Julie Poirot est responsable de la RSE à l’hôtel du Cap Eden-Roc. Invitée par le projet Univert’IC le temps d’une conférence, elle est venue partager aux étudiants son expérience professionnelle. Le WAIC était présent.
L’hôtel du Cap Eden-Roc à Antibes fait partie du groupe Oekter Collection, tout comme le Château St-Martin à Vence ainsi que huit autres hôtels de luxe établis à travers le monde. Hôtellerie et restauration étoilés sont proposés avec pour maitre mot, le respect de l’environnement. Pour Julie Poirot, c’est ce qui contribue à la vitrine de l’entreprise, une réelle valeur ajoutée éthique et un « capital réputation à protéger ». S’engager dans le développement durable dans le secteur du luxe, c’est aussi un moyen de dépasser les stéréotypes qui supposent que la consommation s’y fait démesurément. Les deux peuvent s’allier et les hôtels de la Oekter Collection démontrent cette union qui fonctionne.
Et plus concrètement ?
Les missions de Julie Poirot sont nombreuses et s’orientent autour de la création d’une transversalité. Il s’agit de développer une stratégie de développement durable en cohérence avec les autres politiques existantes (marketing, RH).
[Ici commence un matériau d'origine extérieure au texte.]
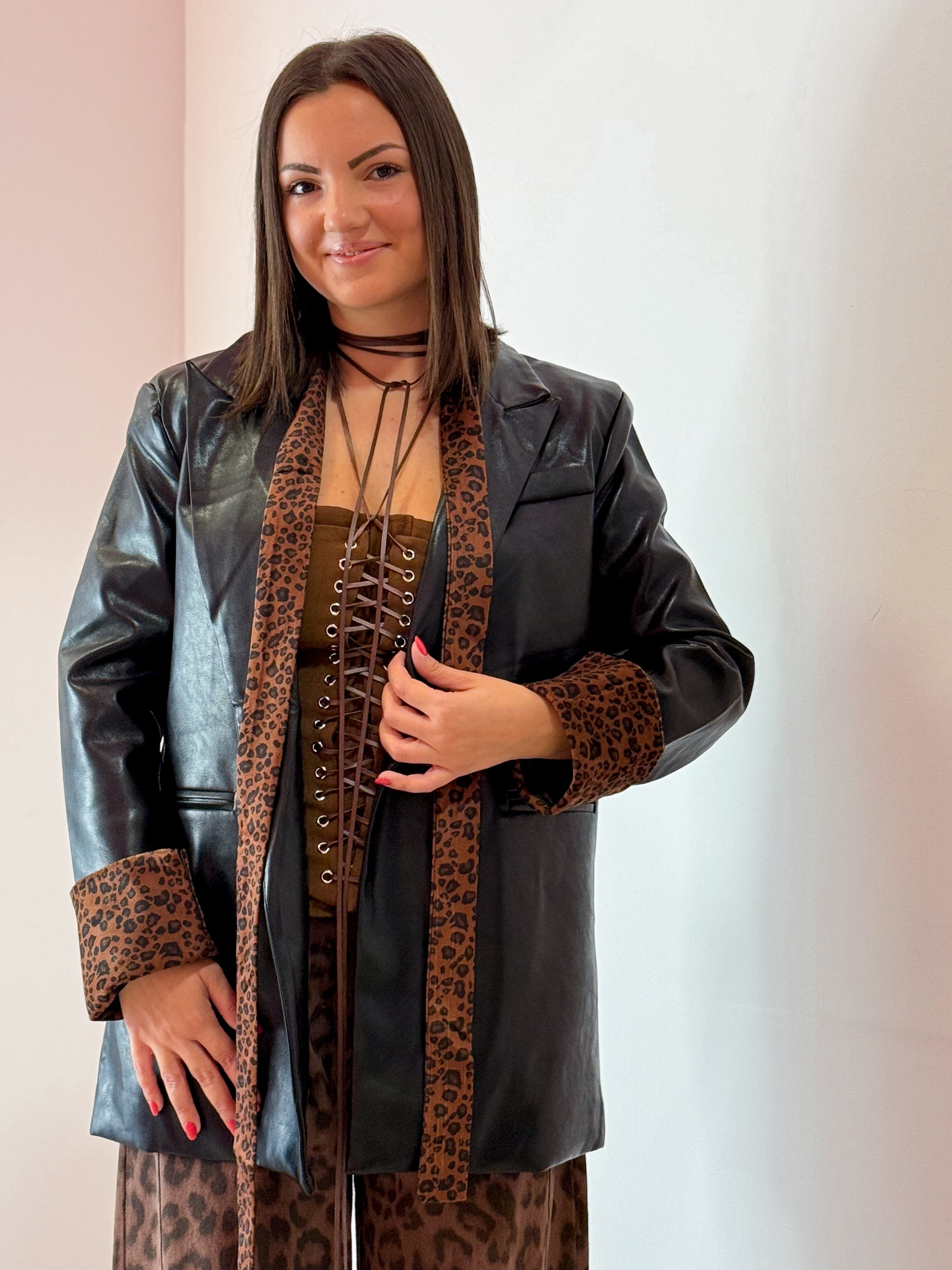 GIACCA IN SIMILPELLE CON RISVOLTI DELLE MANICHE IN STAMPA MACULATA, PRESENTA UNA FUSCIACCA DA METTERE IN VITA ANCH ESSA MACULATA

Cela se manifeste par la mise en place de processus de contrôle de la performance de cette politique, et de « reporting », la publication de rapports d’activités, puisqu’il est indissociable de suivre pour contrôler.
Allier le recyclage et les exigences hygiéniques est un défi délicat, Julie Poirot nous donne l’exemple des savons et gels douche qu’il est impossible de proposer en version « distributeur », ainsi que les chaussons et peignoirs qui sont continués d’être fabriqués à l’étranger. Elle nous rappelle que le bénéfice ne peut s’effacer au profit du développement durable, malgré les efforts effectués pour le favoriser.
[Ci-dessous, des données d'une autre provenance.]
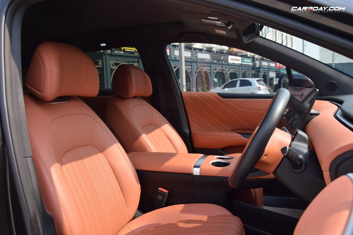 สบายแบบ 5 ที่นั่ง ด้วยวัสดุหุ้มหนังสังเคระห์สีส้ม เบาะนั่งคนขับปรับไฟฟ้า 8 ทิศทาง พร้อมปุ่มดันหลังปรับไฟฟ้า 4 ทิศทาง และที่รองขาปรับไฟฟ้า 2 ทิศทางมี ระบายอากาศ ตำแหน่งการปรับเบาะและตัวเบาะเลื่อนเข้า-ออกด้วยระบบไฟฟ้า หรือ Easy Entry & Exit”ด้วยตัวเบาะดีไซน์เบาะแบบ Zero Gravity นั่งสบายมีพื้นที่วางขาเหลือทั้งด้านหน้าและด้านหลัง

Une initiative pour faire participer tout le monde
L’hôtel fait participer directement les clients en leur proposant une peluche à l’effigie de la tortue Eden créée par une entreprise française. Vendue au prix de 50 euros, les fonds récoltés sont reversés à la recherche et au maintien des centres de soin des tortues. Cette saison, plus de 15 000 euros ont été recueillis et ont fait repartir des centaines de clients avec le sentiment d’avoir effectué une bonne action.

On remercie l’équipe d’Univert’ICI pour avoir organisé cette conférence qui élargit toujours plus nos perspectives d’avenir, avec l’occasion de découvrir un exemple concret de responsabilité sociétales des entreprises.